If this were a horse race, it looks as if the horse $3^n$ is now well ahead of the horse $n^3$, and is getting further and further ahead as time goes on.

We will prove that $n^3\lt 3^n$ if $n\ge 4$.

The result is certainly true at $n=4$. We show that for any $k\ge 4$, if $k^3\lt 3^k$, then $(k+1)^3\lt 3^{k+1}$. There are several ways to do this. We mention a couple.
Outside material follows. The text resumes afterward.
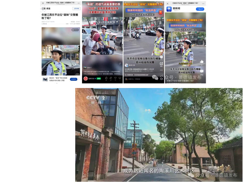 "鸡排哥"正能量话题全网曝光超10亿次,更多游客关注景德镇。乐平交警柔性执法内容阅读量超3.5亿人次,央视《遗迹有奇迹》纪录片观看量超1800万人次,城市美誉度大幅提升。通过官方微信公众号、抖音、微博、视频号等陆续推出国庆中秋假期活动内容图文和视频,内容涵盖假期活动预告、景区实时动态、文旅消费提示、精品线路推荐、“必吃榜”“必玩榜”“必逛榜”“必看榜”、传统文化解读、游客暖心故事等多个方面,新媒体传播有效激发游客到访意愿,推动景德镇从"现象级网红"向"可持续长红"转型升级。

(i) We have $3^{k+1}=3\cdot 3^k$. By the induction assumption, $3^k\gt k^3$. So it is enough to show that $3k^3\ge (k+1)^3$, or equivalently that $3\ge \left(1+\frac{1}{k}\right)^3$. Note that $\left(1+\frac{1}{4}\right)^3\lt 3$, and if $k\gt 4$, then $\left(1+\frac{1}{k}\right)^3\lt \left(1+\frac{1}{4}\right)^3$. This completes the proof. The idea behind this proof is that if we increment $n$ by $1$, then $3^n$ jumps by a factor of $3$, but $n^3$ only jumps by a factor of $\left(\frac{n+1}{n}\right)^3$, which very soon is $\lt 3$.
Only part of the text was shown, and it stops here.